Hanson got the idea for opening a restaurant while visiting with a representative of the Bemidji Walmart about how many of their customers come from the nearby reservations.

"And when I talked to her about that, I got to thinking, ‘Why don’t we just do something like that?’" Hanson said. "Meaning the tribe, or an individual, do something in Bemidji because there’s so many Indian people who spend money here."

A fish house wasn’t his first choice, however.

Hanson first reached out to representatives from Famous Dave’s, a chain launched by an old friend and mentor Dave Anderson. Hanson had worked with Anderson before he became "Famous Dave," helping launch casinos in Minnesota and across the country.

But that plan fell through.

"And so I decided, ‘You know what, why not do my own?"

Hanson got a hold of Michael Christensen, a chef he’s known since they worked together at Grand Casino 20 years ago.

Christensen, who currently works in Albuquerque, N.M., said he envisions the menu featuring different takes in American Indian dishes, such as hush puppies made out of wild rice. It will also include traditional menu items such as fish and chips, lobster, shrimp and crab legs.

‘Something different’

Hanson’s restaurant will be in the former El Mariachi building located at 801 Washington Ave. S.

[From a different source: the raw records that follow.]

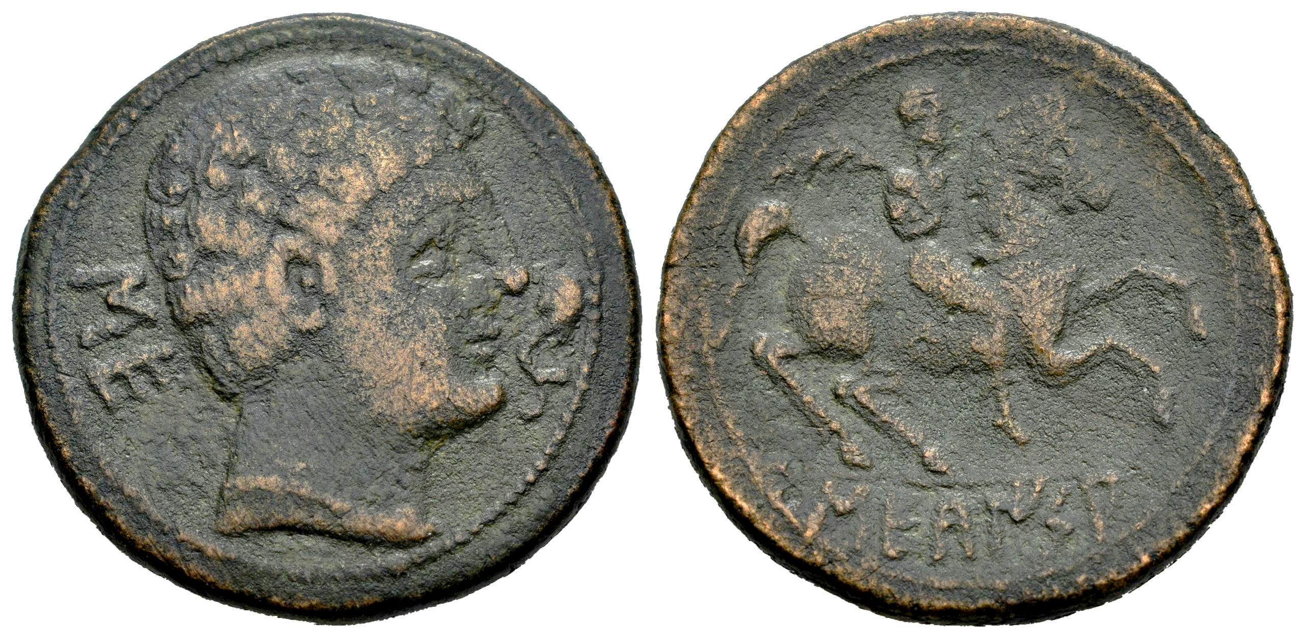 Sekaisa. As. 120-20 a.C. Zona de Aragón. (Abh-2121). (MIB-117/15). (Acip-1544). Anv.: Cabeza masculina a derecha, delante delfín, detrás letras ibéricas SE. Rev.: Jinete con palma a derecha, debajo leyenda ibérica SEKAISA. Ae. 17,32 g. MBC/MBC-. Est...150,00.
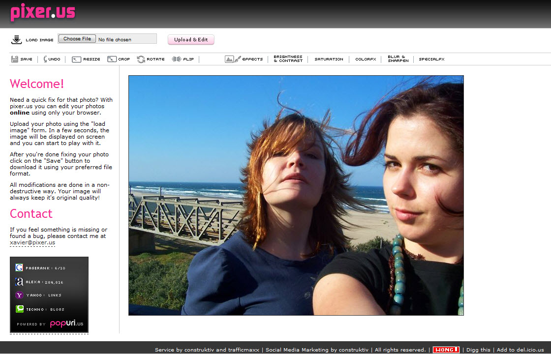 Pixer.us is a great online photo editing tool which is free and easy to use. Pixer.us safety info and online photo editing, editing photos online, digital photo processing suggestions.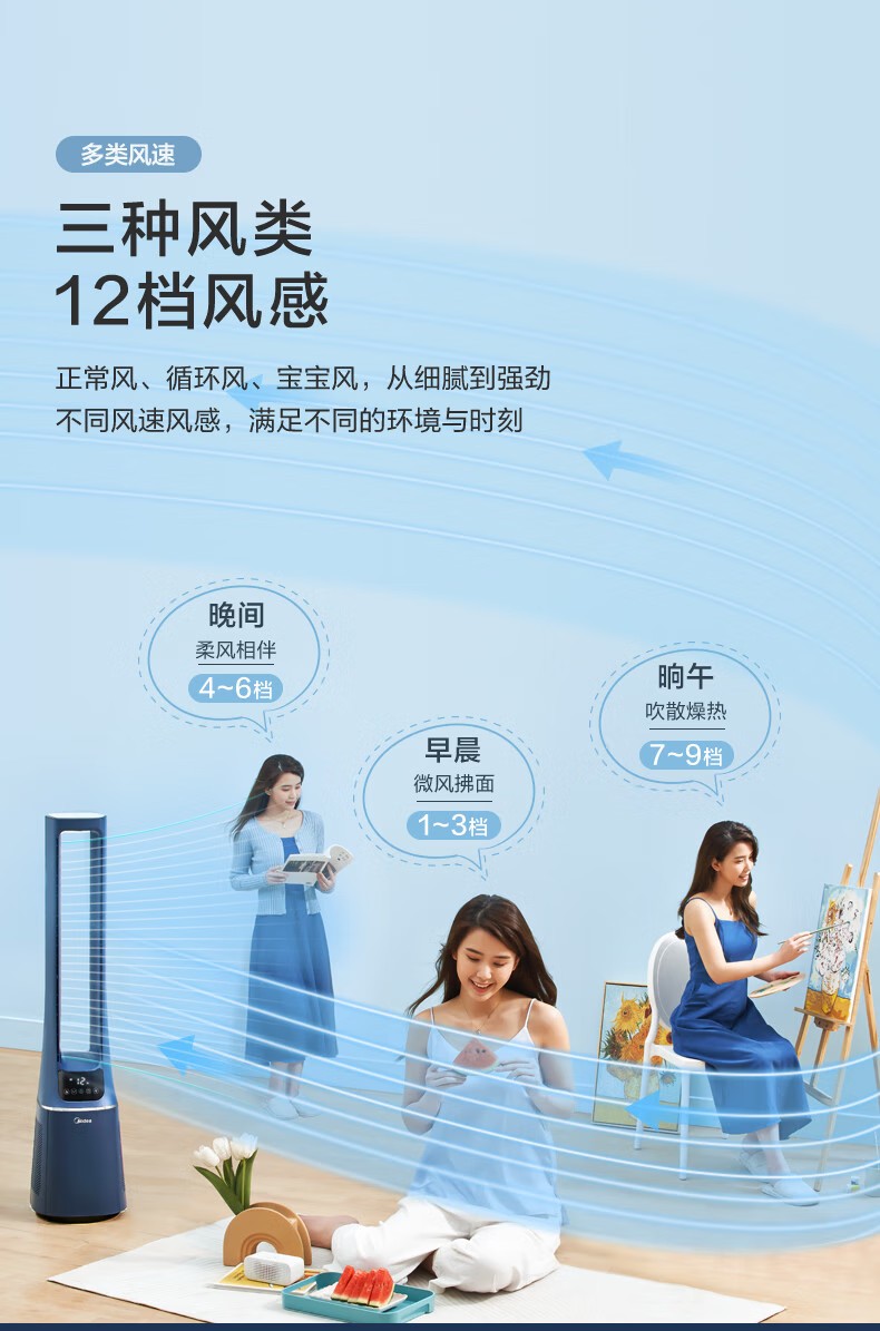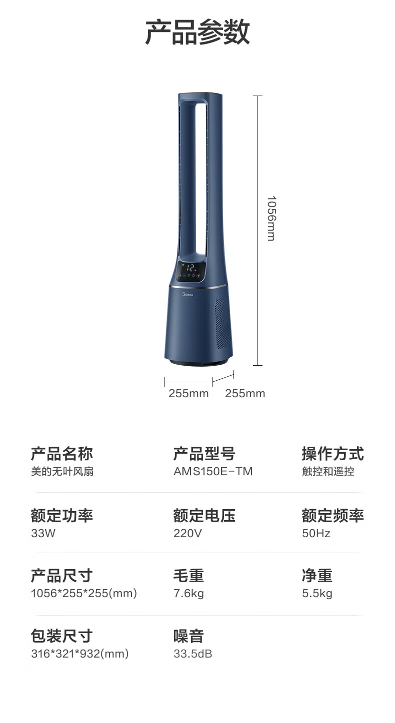 商品名称:(巨邦佑)R+美的(Midea)无叶风扇AMS150E-TM落地扇智能定时轻音安静宿舍遥控循环风随温变大风力 【SPI净离子】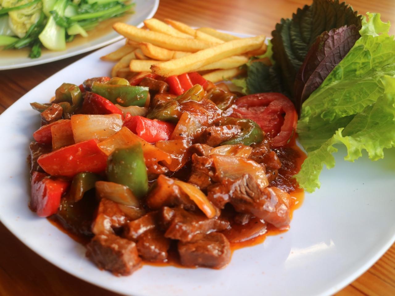 朝食はボーコー(ビーフシチュー)とフランスパン。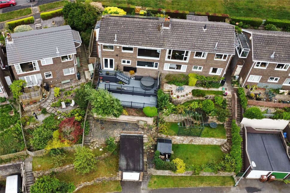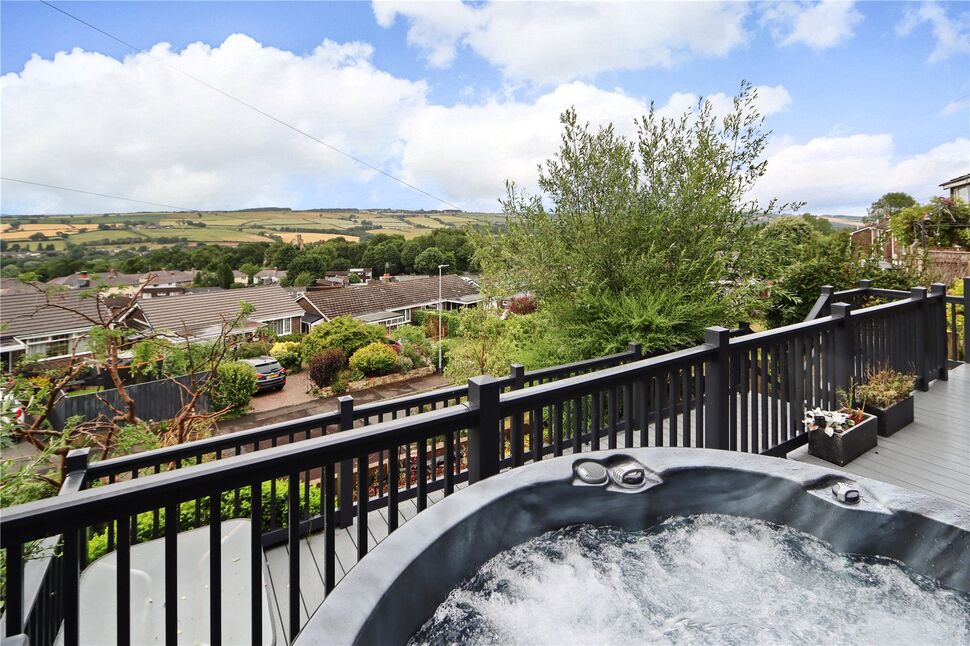 Externally, the tiered composite decking is a real feature and has made excellent use of the natural contours of the sloping site as well as maximising the views, particularly with the ideal positioning of the hot tub on the first level down from the French doors. Below the decking and the steps are raised planted borders with a sloping lawned garden continuing down to the road behind, where there is a garage. To the front there is a small artificially-turfed garden, a block-paved patio and chipped slate beds, with a wooden gate for access from the path. There is also a recessed wooden bin store easily accessed from the pavement.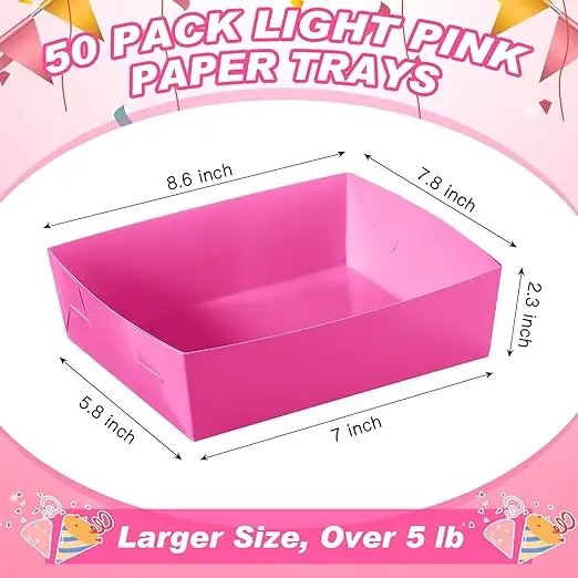 Disposable Paper Food Tray 5 lb Large Food Boat Nachos Thanksgiving Christmas Party Supplies (Hot Pink)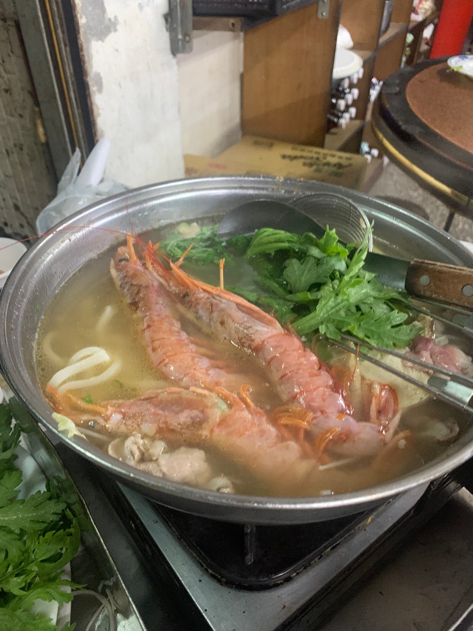 메뉴판을 받고 나서 다양한 옵션들에 놀랐어요. 저는 번체 메뉴판으로 도전해보았어요. 기본 훠궈는 오리지널 맛을 선택하고, 돼지고기와 수타 새우 완자도 함께 주문했어요. 위에 사진에서 보이시는 것처럼 다양한 재료를 많이 넣어보고 싶어서 해산물, 고기, 야채 등 온갖가지 재료를 주문했었습니다. 구글 번역기 돌리면 번체 메뉴판으로도 충분히 주문하실 수 있을것 같습니다.
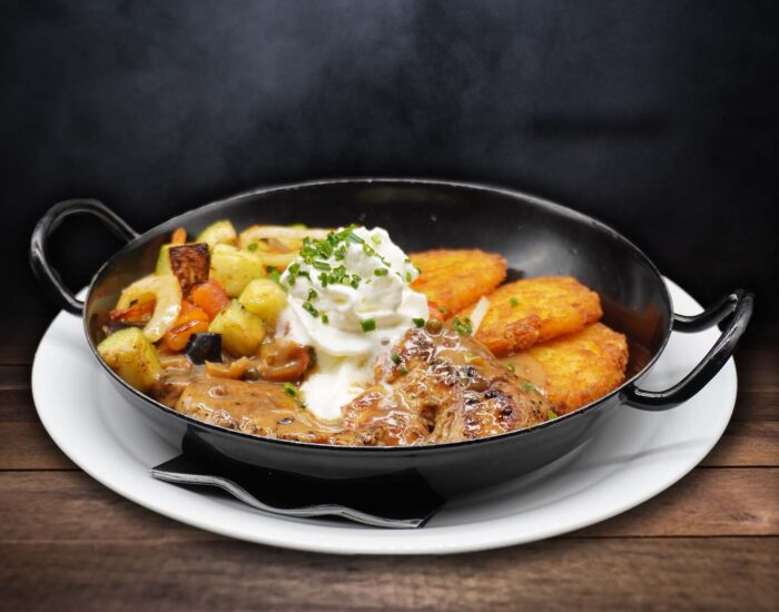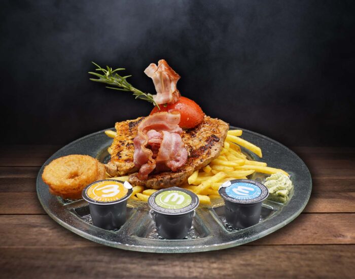 Medaillons vom Schwein, Rind und Huhn mit Pommes frites, gebackene Zwiebelringe, Speck, Kräuterbutter und verschiedenen Dips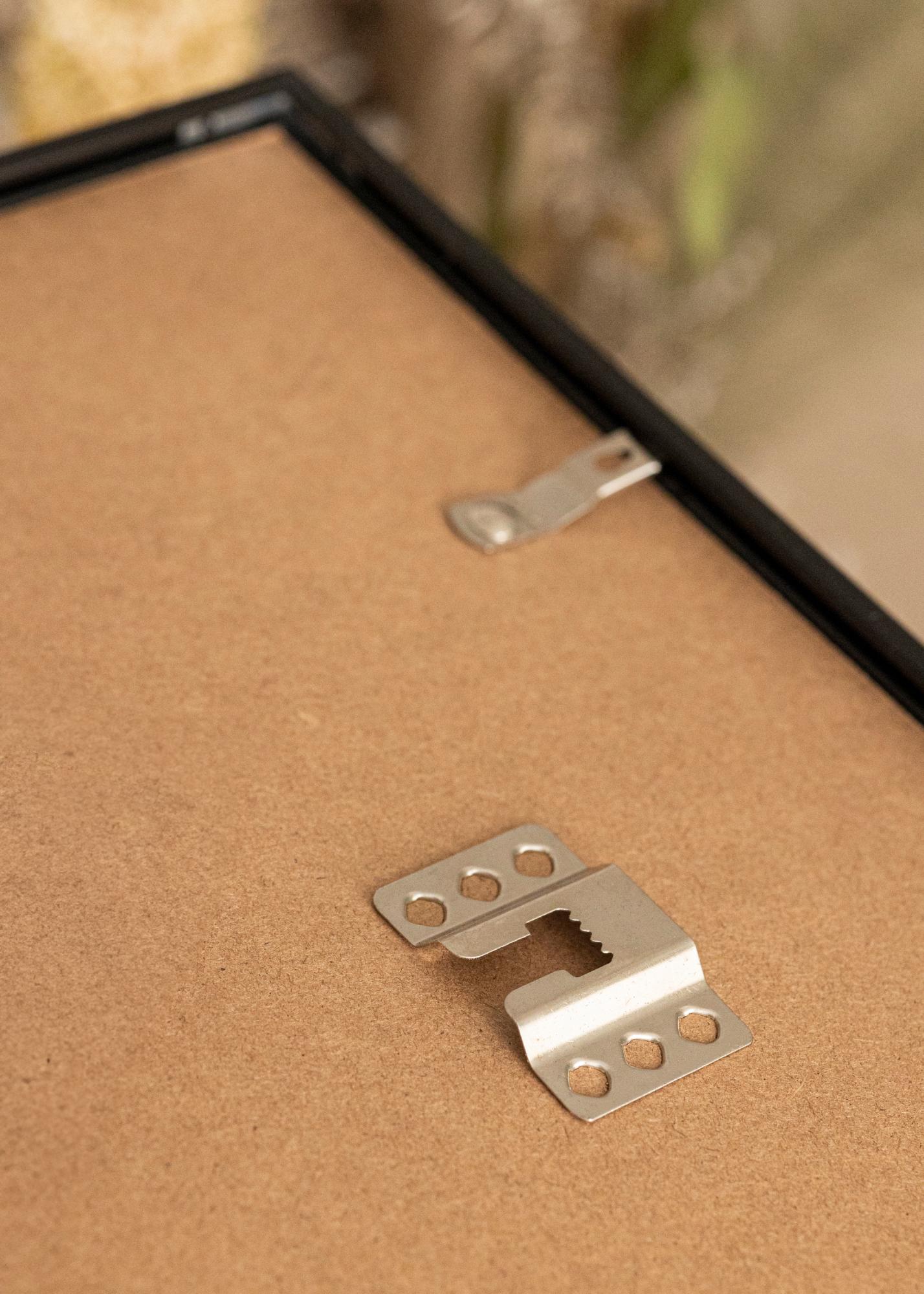 Op de achterkant van de lijst zijn wandbeugels bevestigd voor verticale en horizontale ophanging. Bij de kleinere maten fotolijsten zijn steunpoten inbegrepen, zodat je je kleine fotolijstjes ook op de boekenplank of op het bureau kunt plaatsen.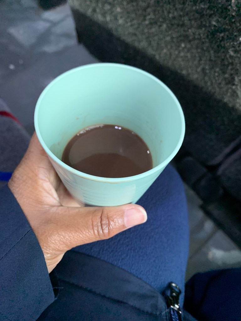 I chose not get my hot chocolate and walk around, but I had my snack when I got back on the bus. I am not that coordinated to drink and walk at the same time!

The building, owned by Whelan Properties LLC, is being leased by David Mendoza, who also owns Mi Rancho on the north side of town. Hanson will sublease the building from Mendoza to open the fish restaurant.

El Mariachi had been closed over the winter with plans to reopen in the spring until Hanson came along with a proposal for his restaurant.

"I think it’s too much work for me," Mendoza said of running both Mi Rancho and El Mariachi. "I think it’s good for both sides."

The Marvelous Fish House — a named derived by Hanson’s many nicknames growing up — will open May 16. Until then, he’s overseeing the final preparations and the remodel of the building.

The restaurant will be American Indian-themed, with old photos of American Indians lining the walls, a nod to his people’s history.

But looking to their future, Hanson wants to create a scholarship to St. John’s prep school near St. Cloud, Hanson’s alma mater, out of the restaurant’s revenues. He said having a solid education is what allowed him to be successful.

"But more than anything, I think we bring just something that’s different that’s been missing in Bemidji forever," Hanson said of the restaurant. "And being an Indian guy, I feel good about just being that guy that brought that here.

"And hopefully the Bemidji community will be receptive to this place as some of the Indian people will from around Bemidji."